I'm happy with the progress in -11 and hope we can see this in standardized
production soon!

One thing I would like to note though, but I'm not sure if it has a place in
the draft: the differential privacy aspects of DNS versus DNS over HTTPS.

DNS is encoded so tightly that there is almost no variation in queries
coming from stub resolvers.  Your esp8266, fridge, microwave and iPhone X
all send out bit for bit identical queries, and this is a wonderful thing.

HTTPs however can be highly identifiable.  Over the course of a week, over
4000 different agent strings visited https://ds9a.nl/ and
https://powerdns.org/, for example (and this is excluding bots).

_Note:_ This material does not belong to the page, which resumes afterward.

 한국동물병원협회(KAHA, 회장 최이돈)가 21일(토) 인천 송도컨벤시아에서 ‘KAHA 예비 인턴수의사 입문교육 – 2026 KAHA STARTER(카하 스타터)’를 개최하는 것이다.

This allows
DoH servers to differentiate different devices in a household easily, since
most of them will have a unique string.

In addition, HTTP can carry further identifying headers like accepted
languages, HSTS settings (perhaps) or even cookies. 

It has also been observed that TLS session resumption data provides a way to
semi-persistently track individual TLS originators (but I don't know for how
long).

With all this, there is the clear risk that DoH as a privacy feature will at
first succeed in providing DNS operators with a more detailed insight into
per-device browsing habits, something they may not be shy to monetize.

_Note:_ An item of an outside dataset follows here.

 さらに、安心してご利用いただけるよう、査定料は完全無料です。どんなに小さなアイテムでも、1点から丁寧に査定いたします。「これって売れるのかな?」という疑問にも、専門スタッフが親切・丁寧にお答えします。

I have discussed this on Twitter with various HTTP users and they opined
that since they were supplying these headers already anyhow the privacy
impact is minimal. After some discussion & dumping of headers, I think they
agreed it is not necessary to send out a user's language preferences with
DNS request, nor the CPU, or the operating system or the exact browser
version.

As noted, I don't know if this has a place in the draft, but I'd recommend
DoH clients to:

* Set their Agent to 'DoH client', no matter what browser/library
* Do not pass non-essential HTTP headers (like language)
* Do not allow the DoH server to set cookies
* Ponder TLS sessions resumption data settings
* Think about all other ways in which HTTP can be tracked (HSTS?)

Thoughts?

	Bert